# sum of the last five digits

what will be the sum of $202020202^{4}$ considering last 5 digits.

What is the efficient method to calculate the sum of the last five digits of the expression $202020202^{4}$...

I tried the following approach

$202020202^{4}$ = $2^{4}$ * $101010101^{4}$

So

$2^{4}$ =16

$101010101^{4}$ consider only $10101^{4}$

but don't know how to proceed further.

So help someone to approach further.

Any suggestions will be welcome.

• Last $5$ digits?
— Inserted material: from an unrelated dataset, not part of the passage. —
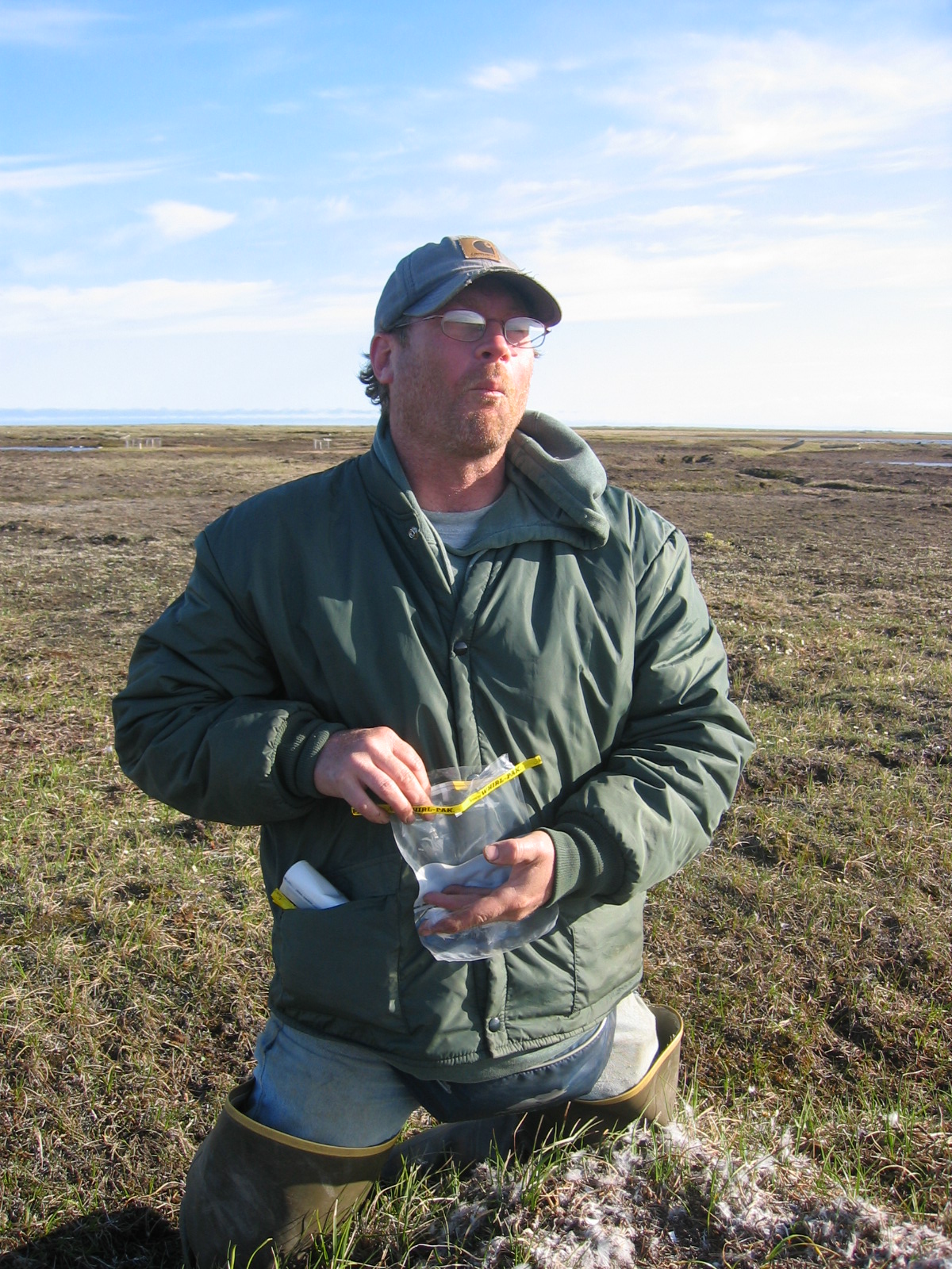Biologist Brian Person picks pin feathers that will be used in a genetic study of the snow geese (*Chen caerulescens*) of the Ikpikpuk Delta.
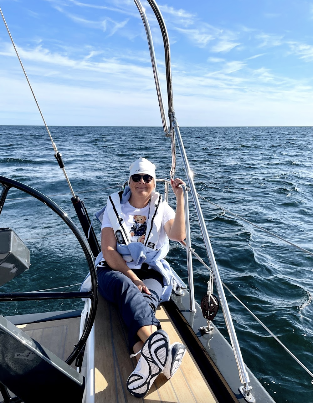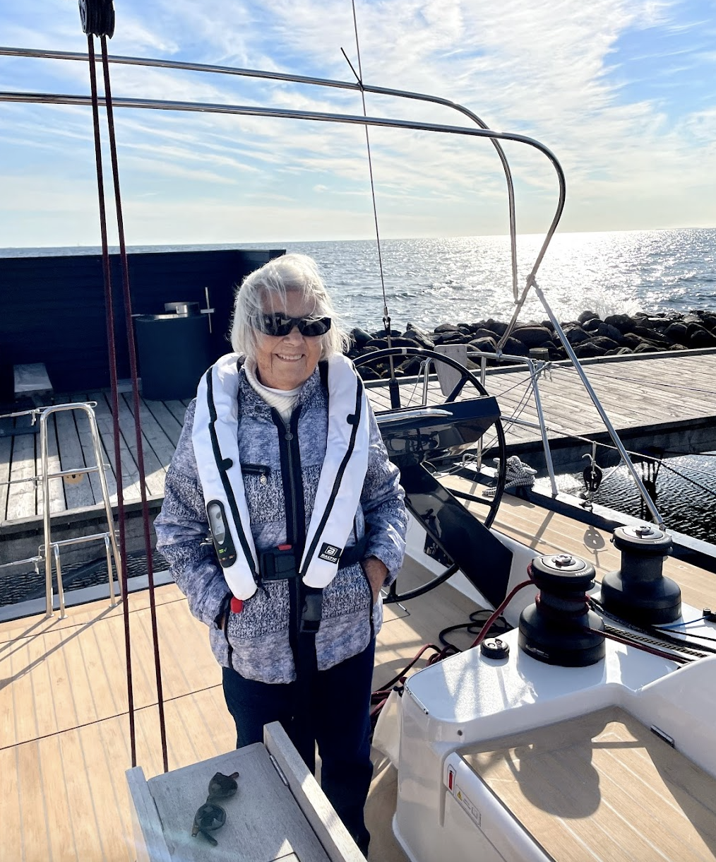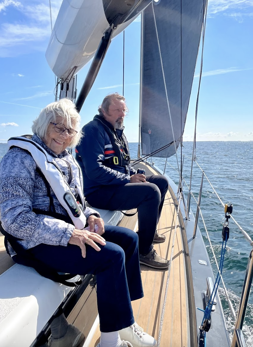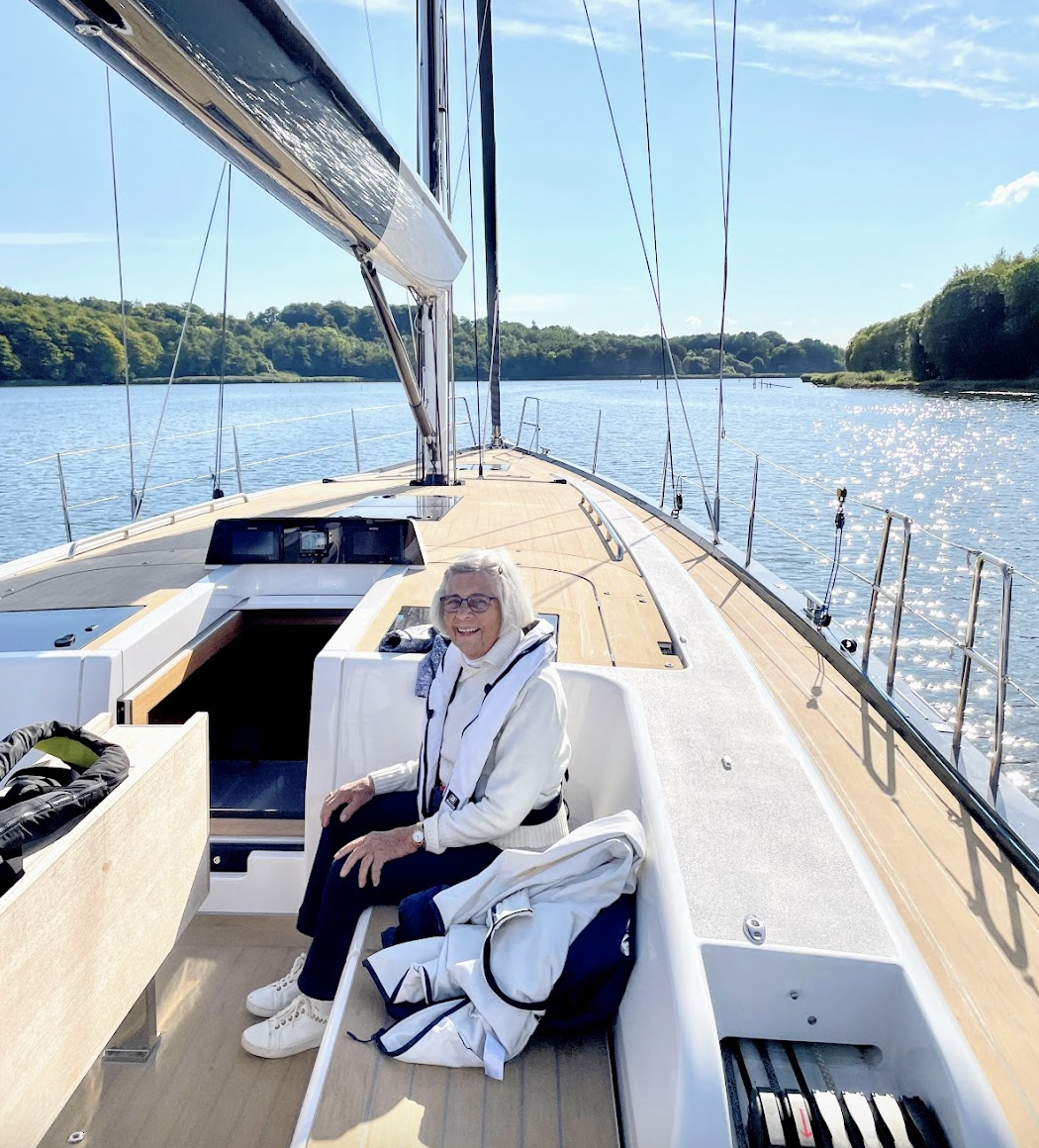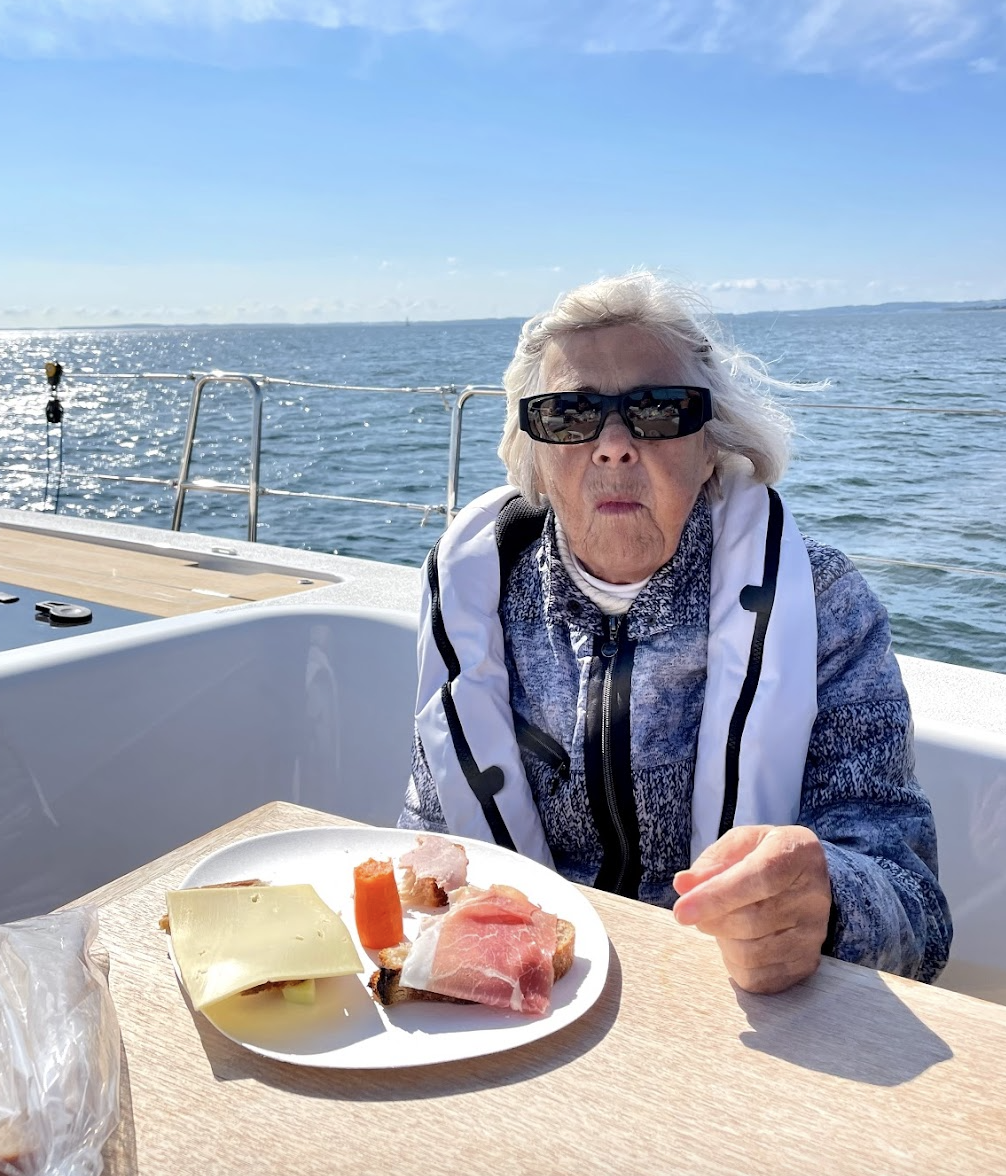 She once slipped a jellyfish down the back of my swimsuit when we were out swimming, maybe 25 years ago, maybe here in Juelsminde. It was a prank. A game. We played many games. In the water, around Denmark, abroad. She called me her sunshine girl, Camilla Dingsbums (German for ‘thingy’), or (as the only one) Camilla Victoria. This past summer, she was fit: sailing with us, working at a charity shop, going for walks and workouts with neighbours, hosting and visiting friends, driving her car so proudly, bragging about people thinking she was 63 not 93, dressing up in neat outfits, overcoming minor health setbacks, reminding us that ‘ill weeds grow apace’ — in all respects making the most of life, just as she always has been. She told me, ‘there are many doors in life, where we have to knock and ask kindly to be let in, because if we don’t, we’ll be left in the dark. People do reach out their hands, and I receive them openly. I too reach out my hand — to touch, help, and meet others. We must make an effort, step forward, and be curious.’

Just calculate $20202^4$ and sum up the last $5$ digits. – barak manos Jan 13 '17 at 13:26
• Start with $202^4$. It has last $3$ digits $416$. Then $20202^4$, it has last $3$ digits still $416$ and last $5$ digits $06416$. Then read the previous remark - ready. – Dietrich Burde Jan 13 '17 at 13:27

Write 10101 as 10000+101 and then apply binomial theorem, only two terms will contribute to last five digits. Then do the same for 101 as 100+1. Should be pretty easy from there.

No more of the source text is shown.